In 1992, he would open a mall store dedicated to his work. Powered by QVC appearances that bolstered his image as a pious Christian living an untarnished life, Kinkade hawked not only prints but collectible plates, mugs, sofas and recliners. He even opened a community of homes built around his brand. An economic downturn would eventually arrive in 2002, followed in short order by lawsuits from franchise owners of his signature galleries alleging fraudulent business practices.

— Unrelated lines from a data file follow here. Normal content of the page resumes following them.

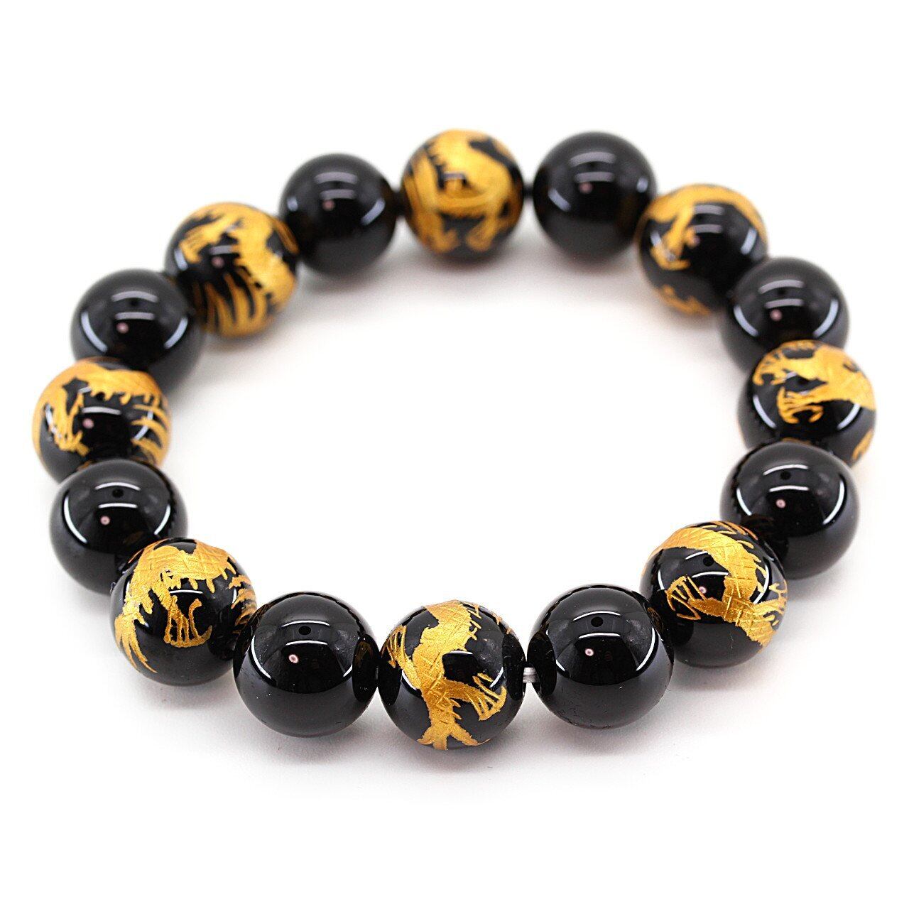 メンズ:内周約16cm(伸縮します) オニキス12mm 金彫り五本爪皇帝龍オニキス12mm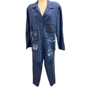 Size 14W Piccalino Plus Women's 2 Piece Outfit 1980s Vintage Pants Top Cotton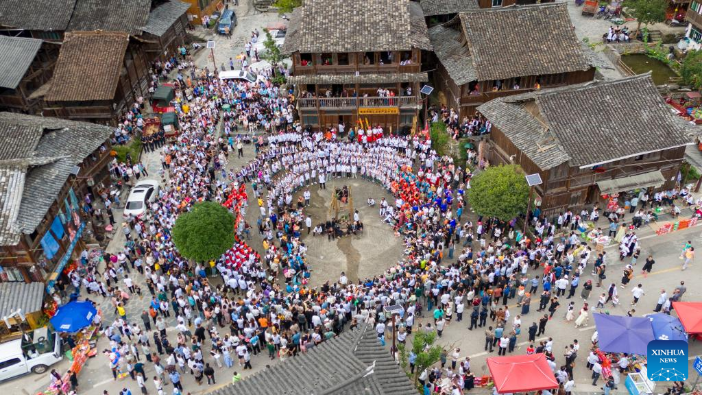 Toàn cảnh làng Hoàng Cương thuộc Châu tự trị dân tộc Miêu và Đồng Kiềm Đông Nam, tỉnh Quý Châu, nhìn từ trên cao ngày 20/7/2024. Ngôi làng này còn giữ được nét nguyên sơ, cổ kính.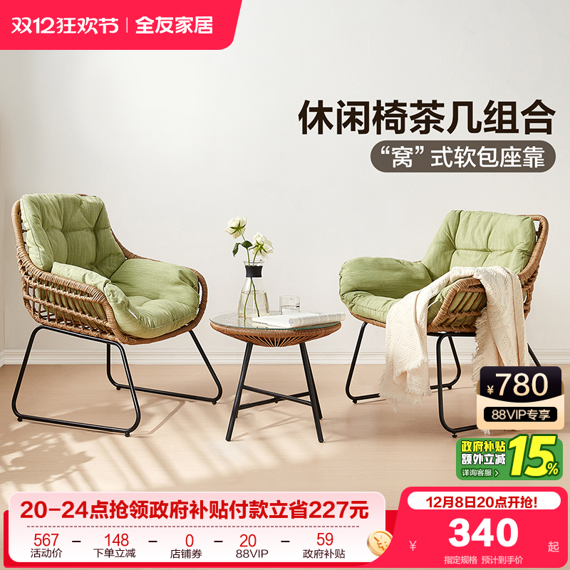 全友家居藤椅三件套休闲阳台客厅高弹坐垫桌椅简约小茶几组合KS

Art for Everybody is built mainly around interviews with Kinkade’s four adult daughters and ex-wife Nanette. Other figures, though, help provide a contextual frame for his work, and existence as a type of hybrid painter-as-performance artist. These interviewees include former business partner Ken Raasch, fellow artist Jeffrey Valance, writer Susan Orlean (whose 2001 New Yorker profile helped put a target on Kinkade’s back with the art world intelligentsia), and Los Angeles Times art critic Christopher Knight.

 

The most recent point of comparison for Art for Everybody may be 2021’s Bob Ross: Happy Accidents, Betrayal & Greed, another nonfiction portrait of a massively popular American painter. There is enough overlap in subject matter, and also how each man grasped the benefits of a pat packaging, that viewers of that Netflix documentary will certainly find reward here.

Whereas the affable, Afro-ed Ross, though, was quite bad at business, Kinkade was always shrewd. This is established from the movie’s very beginning, which opens with a voice recording of its then teenage subject pondering the merits of achieving the lasting greatness of someone like Vincent Van Gogh if it means living in destitution.

Critics might deem Art for Everybody perhaps a bit too deferential to its subject, and accurately point out that its details of downward spiral remain a little hazy, in need of racked focus. Kinkade’s family makes vague reference to him being difficult to live with, and while they’re certainly forthcoming about his drinking problem and trip to rehab, director Miranda Yousef never really seems to identify Kinkade’s rock bottom.

 

The mugshot from a 2010 DUI arrest is shown, but the incident is only referenced in passing. A depressive episode in college, precipitating a transfer from the University of California, Berkeley to Art Center College of Design in Pasadena, is speculated about, but raises only more questions.

Art for Everybody, in other words, sidles up to addressing the psychological consequences of becoming massively popular for a persona that maybe isn’t false but also is limiting. But it doesn’t seem to quite know how to resolve the dilemma of how Kinkade presented outwardly with the man who left, upon his death, thousands of paintings and sketches of different styles in his personal vault.

If the amorphous nature of Kinkade’s demons helps the film arguably retain a broader relatability, it also leaves him somewhat in limbo as a tragic figure — sentenced to the same unknowability, and inability or unwillingness to showcase the full range of his personality and talents, that seemingly haunted him in life. Perhaps that, however, is actually an appropriate portrait.